Providing Connections to a Jewish Value

Providing Connections to a Jewish Value

Providing Connections to a Jewish Value

Every day at preschool is full of Jewish values – treating each other kindly, caring for the earth, being responsible. In February, with Rabbi Weiner’s help, we focused on tzedakah at Tot Shabbat. He shares more with us here:

“The Jewish concept of tzedakah is more than simply charity—a giving out of “the goodness of one’s heart.”  Tzedakah is rooted in the concept of tzedek—of justice and righteousness.  The lesson is clear:  We Jews are obligated to give|to those in need to attain the kind of economic parity that is the foundation of human dignity and the realization of divine vision.”

During that Tot Shabbat, we explained that the tzedakah money we collected would be used to purchase dental items for the homeless women who sleep at our homeless shelter in Seattle. The following week, JRM’s 3 & 4-year-old classes went on a walking field trip to local stores, where the children each selected 2 toothbrushes, 2 dental flosses, and 2 tubes of toothpaste. At the following Tot Shabbat, the children were very proud to tell Rabbi Weiner what they had bought and for whom the dental supplies were purchased.
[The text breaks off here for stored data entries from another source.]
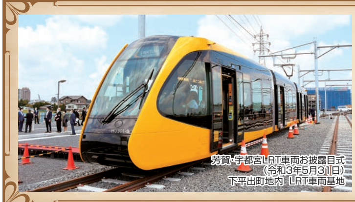
宇都宮LRT車両お披露目式 (令和3年5月31日) 下平出町地内 LRT車両基地
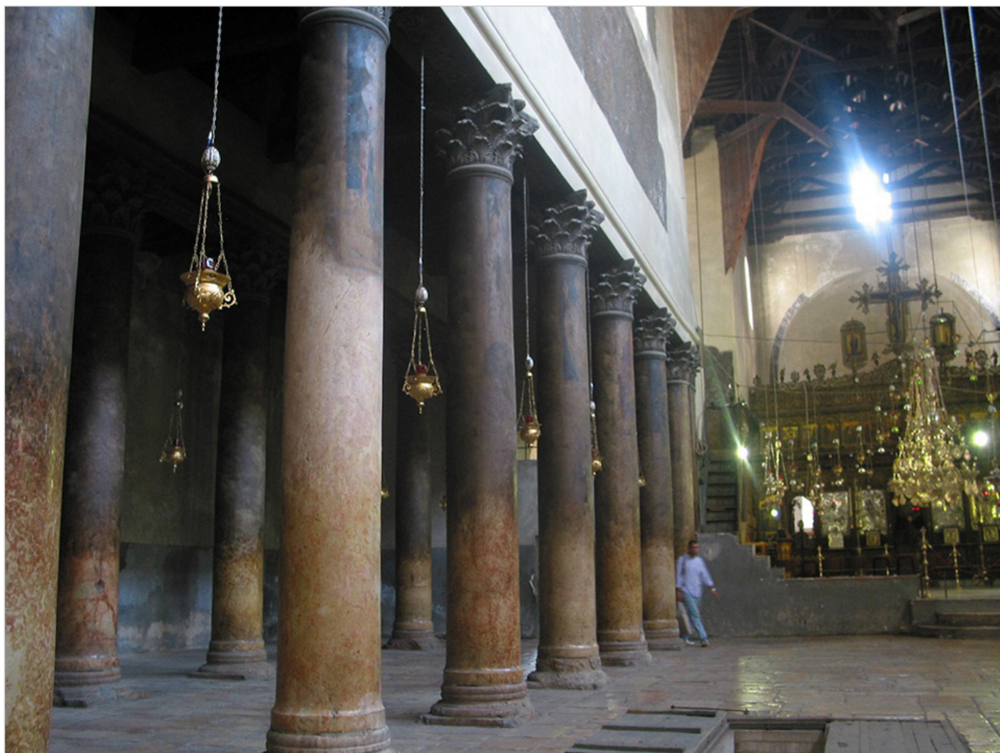
Wnętrze Bazyliki Narodzenia Pańskiego.

wjeżdżali do niej na koniach, by chronić świątynię przed beczeszczaniem zamurowano portale - w jednym z nich zostawiono niskie wejście około metra szerokości. W czasach wypraw krzyżowych i później zmieniano posadzki, jeden z królów angielskich posłał drewno na nowy sufit, ksiązę Burgundii ołów na dach, który później przez "niewiernych" przetopiono na kule, tak że chrześcijańscy bojownicy umierali pięknie, honorowo, zabijani kulami ze świętego miejsca.
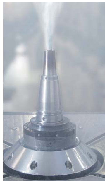
L'illustrazione mostra: Raffreddamento ottimizzato fino al tagliente legato alla pressione e velocità. Parte sporgente: 28 mm, Utensile \varnothing 4 mm
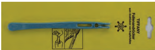
36 110 00 Foliendrücker / für alle Breiten Foil burnisher / for all sizes
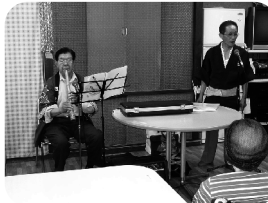
■三峰会による交流会の 様子
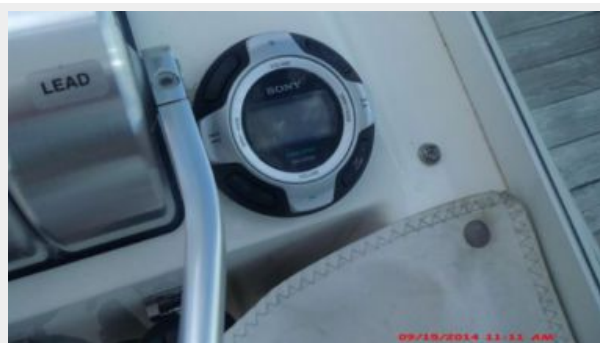
Helm / Electronics & Navigation 4
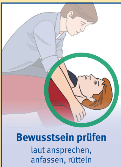
Bewusstsein prüfen laut ansprechen, anfassen, rütteln
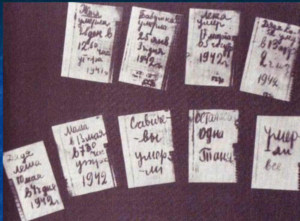
Дневник ленинградской школьницы Тани Савичевой
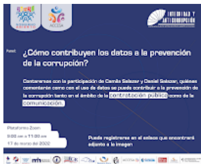
Invitacion-01 (1) (1).png 417K
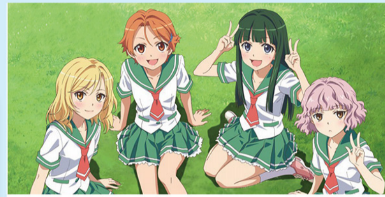
夏色観光協会下田運営本部
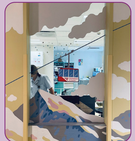
Une fresque qui invite au voyage... en téléphérique !
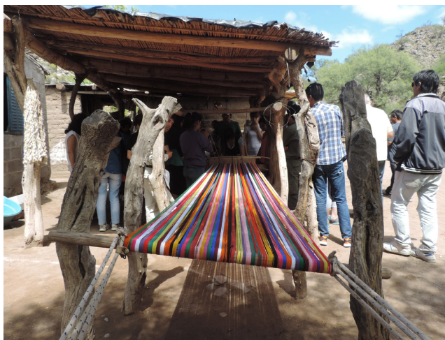
Imagen N° 3. Trabajo al telar - Paraje "La Majadita".
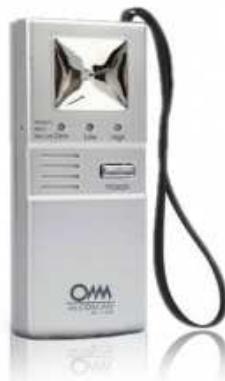
Fig. 3 Etilómetro Aloscan Modelo AL 1100

Con la aprobación e implantación de la Ley 109/2011 “Código de Seguridad Vial” se estipula en los incisos 1) y 2) del artículo 93 que se prohíbe conducir vehículos o permitir que otro conduzca bajo los efectos del alcohol, para los vehículos destinados a carga o transporte colectivo de pasajeros, para los
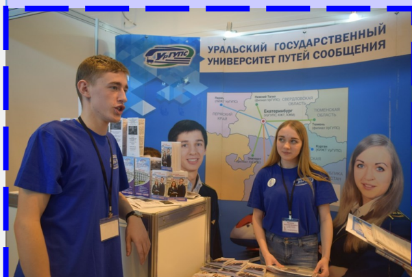
Учеников 10 А класса МБОУ СОШ № 27 привлекают актуальные профессии в сфере экономики, маркетинга. Их интересует не только стоимость обучения и количество бюджетных мест, но техническая оснащенность вуза, возможности прохождения практики.
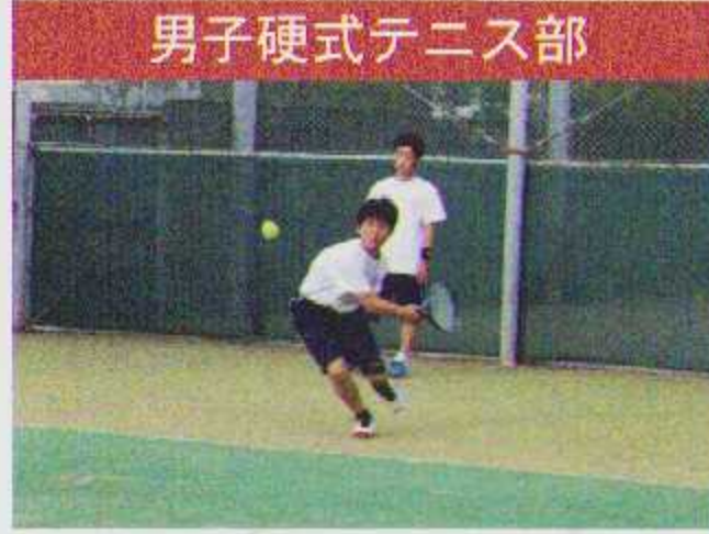
男子硬式テニス部
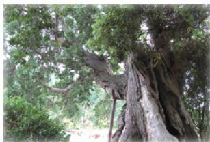
〔豊橋市石巻本町字東木 / 根4♀〕
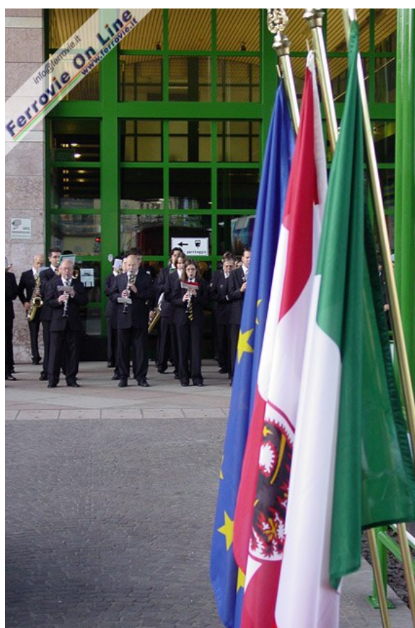
A dare ancora maggior ufficialità alla partenza del treno storico ha contribuito l'esibizione del Corpo Musicale "Città di Trento". (11 ottobre 2009)
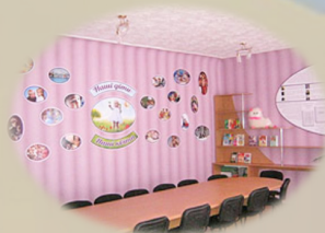
Лабораторія фахової компетентності педагога дошкільної освіти
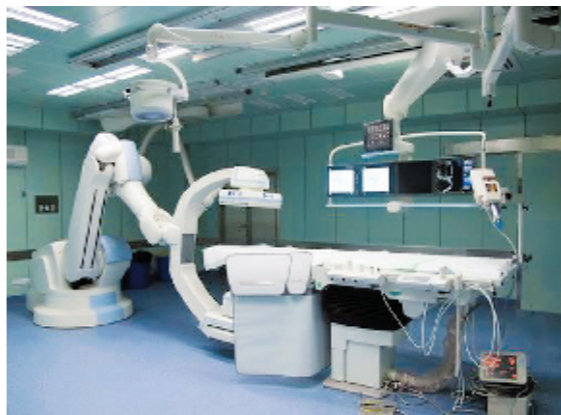
德国西门子移动式平板探测器血管造影系统

Rabbi Aaron Meyer, who leads Temple’s Social Justice program, provides insight for parents and teachers into the importance of this lesson at the preschool, tying the dental hygiene items they purchased to the duty to care for one’s body.

“Hillel, an early rabbinic sage, finished teaching a class and took leave of his students. His students asked: ‘Where are you going?’ He answered: ‘To perform a mitzvah: to take a bath in the bathhouse.’ His students said: ‘How is this a mitzvah?’ His answer was in the form of a parable: ‘Statues erected to kings in the theaters and circuses are washed and scrubbed by those in charge of them…how much more should we, who have been created in God’s image and likeness, take care of our bodies.”

“Jews have a responsibility to care for our bodies, from seeking medical treatment to brushing and flossing our teeth. As we recognize divinity in every human being, this obligation also extends to our friends and neighbors. Together we have collected Tzedakah, righteous giving, to purchase needed hygiene supplies for women hosted at Temple’s overnight women’s shelter. With your help, we have enabled these cherished members of our community to perform the same self-care we often take for granted.”

At JRM we strive to include the Jewish values and traditions into the daily fabric of our classrooms. We believe it is crucial to teach our children that how we treat others is important: That even the smallest act of kindness can make a world of difference.